# Statistical Mechanics/Thermal Radiation

## Planck Distribution FunctionEdit

For thermal radiation we know the following equation:

ε_{n}=sℏω_{n}

which we can apply our previously made Partition-function 'Infrastructure' to:

Z = Σ_{s=0} exp(-sℏω_{n}/T)

By algebra:

= 1/(1 - exp(-ℏω_{n}/T))

Therefore, we can also find the probability:

P(s) = exp(-sℏω_{n}/T)/Z

Now, we can start calculating some interesting thermodynamic quantities. Let's start with the thermal average of s, the average mode of thermal radiation given a certain temperature:

<s> = Σ_{s=0} sP(s) = Z^{-1} Σsexp(-sℏω_{n}/T)

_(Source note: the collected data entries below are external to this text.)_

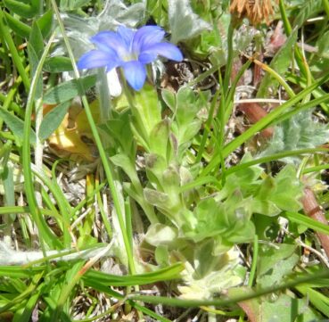 Une des plus belles stations botaniques du voyage est atteinte un peu plus haut dans le col, quand nous gagnons des pelouses alpines très humides traversées par de nombreux ruisseaux (42° 22′ 37.1″ N, 73° 49′ 20.1″ E ; 2 794 m). L’aspect général multicolore augure de belles découvertes. Nous ne serons pas déçus et passerons un certain temps à répertorier les espèces présentes, même si certains Carex et Gagea résisteront à nos séances d’identification de retour en France.
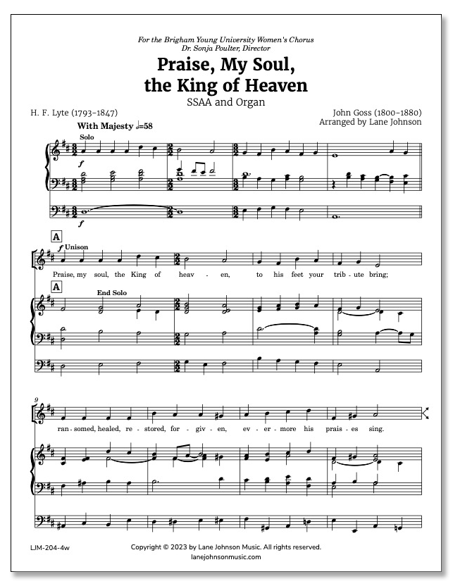 "Praise, My Soul, the King of Heaven" is a stirring arrangement of the beloved Christian hymn. It draws its text from Psalm 103 and was written by Anglican clergyman Henry Francis Lyte. It was first published in 1834.
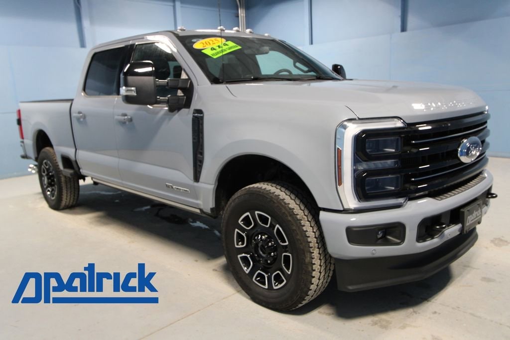 2025 Ford F-350SD Platinum We want you to shop confidently for your next used car at The BIG Ford Store, D-Patrick Ford. We are located on Highway 41 and Walnut in Evansville, right next to the Lloyd Expressway. Buy this used vehicle 100% online or in-store. This pre-owned vehicle was put through an extensive inspection before hitting our lot. Because of this, we are able to offer a 3-month/3,000-mile comprehensive limited warranty. You also get our Love It or Return It 5-day, 300-mile Exchange Policy. See our website for more details on both. We also offer extended service plans, vehicle protection plans, and offer a CarFax vehicle history report. *Prices listed do not include a $250 documentation fee, applicable tax, title, tags, license, or $195 service and preparation. All pricing, vehicle information, and features (such as accessories and color) are believed to be accurate, but we do not warrant or guarantee such accuracy. The prices shown above may vary from region to region, and incentives are subject to change. Some offers listed may not be available to all customers. All online sale commitments are subject to confirmation of continued availability of vehicle. Once availability is confirmed, online sale agreement becomes binding upon the parties. If any information found on the website is thought to be erroneous, please verify information with a customer service representative. See dealer for full details. Looking to sell your current vehicle? We buy cars for cash. Every test drive at D-Patrick Ford in Evansville earns $10 to a local charity. Schedule your test drive today! 4WD, 4-Wheel Disc Brakes, 410 Amp Dual Alternators, 5th Wheel/Gooseneck Hitch Prep Package, ABS brakes, Adjustable pedals, Air Conditioning, All-Weather Floor Mats, Alloy wheels, AM/FM radio: SiriusXM with 360L, Auto High-beam Headlights, Auto-dimming Rear-View mirror, Automatic temperature control, Brake assist, Compass, Delay-off headlights, Driver door bin, Driver vanity mirror, Dual front impact airbags, Dual front side impact airbags, Electronic Stability Control, Electronic-Locking with 3.55 Axle Ratio, Emergency communication system: SYNC 4 911 Assist, Engine Block Heater, Flow-Through Console, Front and Rear Wheel Well Liners, Front anti-roll bar, Front Bucket Seats, Front Center Armrest, Front dual zone A/C, Front fog lights, Front License Plate Bracket, Front reading lights, Fully automatic headlights, FX4 Off-Road Package, Garage door transmitter, Heated door mirrors, Heated front seats, Heated rear seats, Heated steering wheel, Hill Descent Control, Illuminated entry, Internet access capable: FordPass Connect 5G, LED Roof Clearance Lights, Low tire pressure warning, Memory seat, Navigation System, Off-Road Specifically Tuned Shock Absorbers, Outside temperature display, Overhead airbag, Overhead console, Panic alarm, Passenger door bin, Passenger vanity mirror, Pedal memory, Power door mirrors, Power driver seat, Power passenger seat, Power steering, Power windows, Rain sensing wipers, Rear reading lights, Rear seat center armrest, Rear step bumper, Rear window defroster, Remote keyless entry, Security system, SiriusXM Radio with 360L, Snow Plow Prep Package, Speed control, Split folding rear seat, Steering wheel mounted audio controls, SYNC 4 with Enhanced Voice Recognition, Tachometer, Telescoping steering wheel, Tilt steering wheel, Traction control, Trip computer, Turn signal indicator mirrors, Twin Panel Power Moonroof, Unique FX4 Off-Road Box Decal, Upfitter Switches (6), Variably intermittent wipers, Ventilated front seats, 4WD. CARFAX One-Owner. 4D Crew Cab Platinum 10-Speed Automatic Power Stroke 6.7L V8 DI 32V OHV Turbodiesel 4WD Gray Metallic CALL TODAY (812) 625-4823 OR SHOP ONLINE AT WWW.DPATRICKFORD.COM.

Which if we carry out the mathematics of the sum:

<s>=1/(exp(ℏω_{n}/T) - 1)

## Stefan-Boltzmann LawEdit

Remember that for a mode:

ε_{n}=sℏω_{n}

Average it:

<ε_{n}> = <sℏω_{n}>

= <s>ℏω_{s}

From the previous section:

= ℏω_{n}/(exp(ℏω_{n}/T) - 1)

Thus, if we sum up over all the modes:

U = Σ_{n} ℏω_{n}/(exp(ℏω_{n}/T) - 1)

Note that ω_{n} = nπc/L, now because ℏ is so small, we can approxiamate this sum to an integral. In the process we will change the coordinates of the integral over n in spherical coordinates, and we will let x = πℏcn/LT (an extra 1/8 comes in becaues we are integrating over only positive values of n, and an extra 2 due to two independent set of cavity modes of frequencies):

*Note: actually, this is a density of states problem with D(n) = 4n ^{2} because of the spherical shell * 1/8 * 2 = n^{2}, ε=ℏω_{n}, and f(ε)=(exp(ℏω_{n}/T) - 1)^{-1}*

U = (L^{3}T^{4}/π^{2}ℏ^{3}c^{3}) ∫_{0}^{∞} x^{3}/(exp(x) - 1) dx

The integral has a definite value found in an integral table, L^{3}=V, and thus we come upon the stefan-Boltzmann law of radiation:

U/V = π^{2}/15π^{2}ℏ^{3}c^{3} T^{4}

## Planck Radiation LawEdit

Now, in our previous derivation, instead of integrating in terms of dn, say we left it as dω, there would be something of the form:

U/V = ∫dω u_{ω}

Carrying along the comparison with statistical properties, this is like a density, to be specific, a spectral density, if we carry the math out:

u_{ω} = ℏ/π^{2}c^{3} ω^{3}/(exp(ℏω/T) - 1)

And this is known as Planck's radiation Law.

## Kirchoff's LawEdit

Say we are concerned with the radiant flux density, by the definition of flux density:

J_{U} = cU(T)/4V (the extra 4 is a geometrical factor)

If we take and apply the Stefan-Boltzmann law to this:

J_{U} = π^{2}T^{4}/60ℏ^{3}c^{2}

The only difference between this and Kirchoff's law is an extra constant thrown in known as the absorption/emissivity constant, dependent on the material.